§ What is being asked
Reproduce exactly, and only, the lines of the material below running from the line bearing "手持ちの大型工事が順調に進捗したことで完成工事高が増加し、" through the line bearing "(图3基于机器学习模型的关键特征筛选流程和结果)". Leave any pictures out.

§ Given records
◆ ◆ ◆
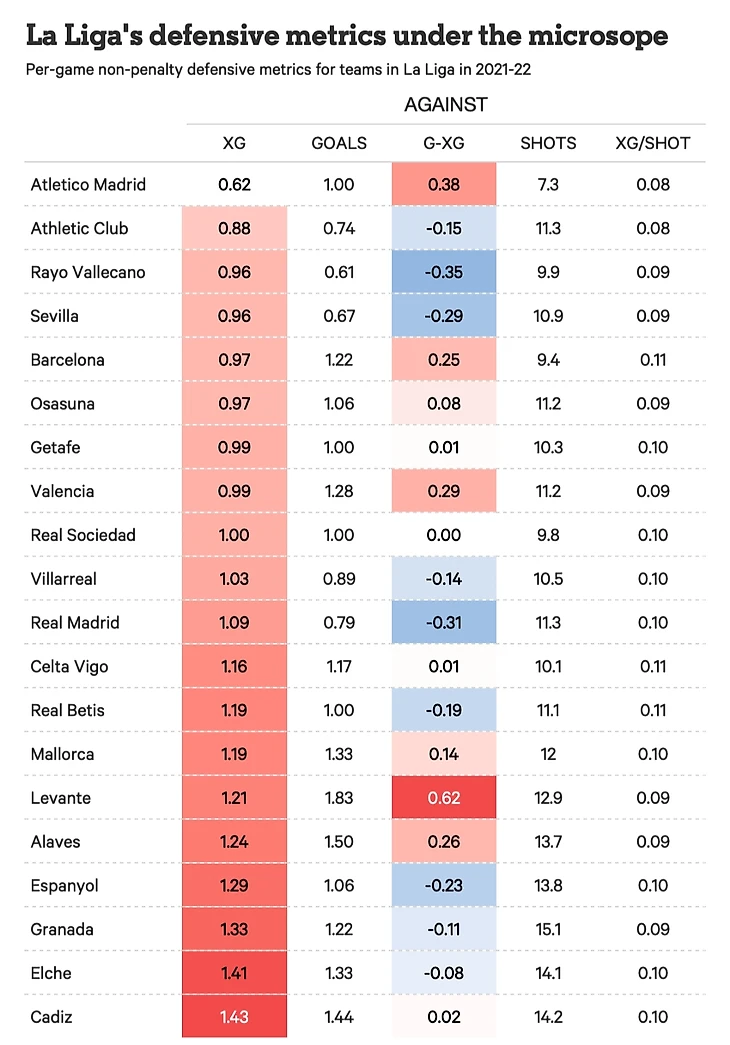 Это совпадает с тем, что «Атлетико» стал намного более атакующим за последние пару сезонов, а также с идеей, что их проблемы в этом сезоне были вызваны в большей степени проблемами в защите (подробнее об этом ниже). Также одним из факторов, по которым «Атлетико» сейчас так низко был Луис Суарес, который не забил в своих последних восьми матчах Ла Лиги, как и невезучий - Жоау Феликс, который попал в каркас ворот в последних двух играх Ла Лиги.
◆ ◆ ◆
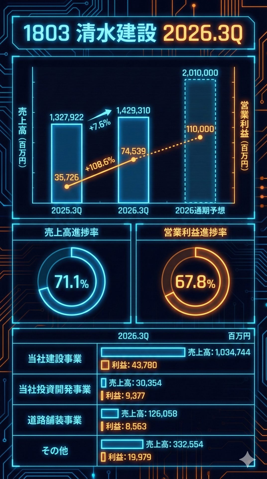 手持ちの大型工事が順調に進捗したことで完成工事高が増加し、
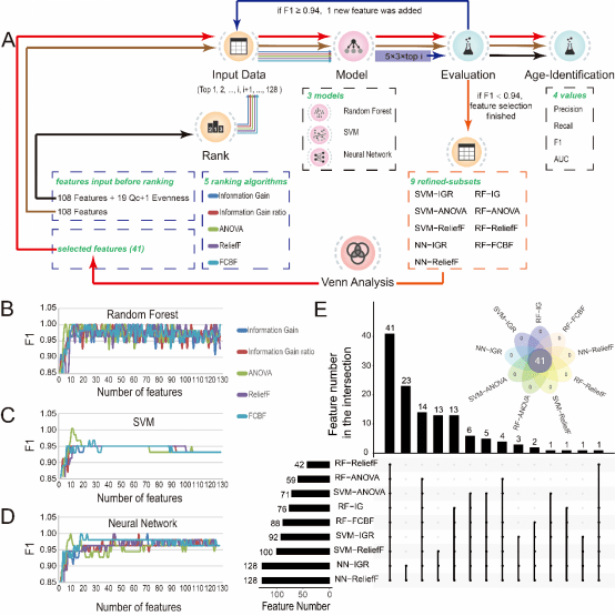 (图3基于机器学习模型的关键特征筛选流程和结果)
◆ ◆ ◆
§ Solution to this problem
 手持ちの大型工事が順調に進捗したことで完成工事高が増加し、
 (图3基于机器学习模型的关键特征筛选流程和结果)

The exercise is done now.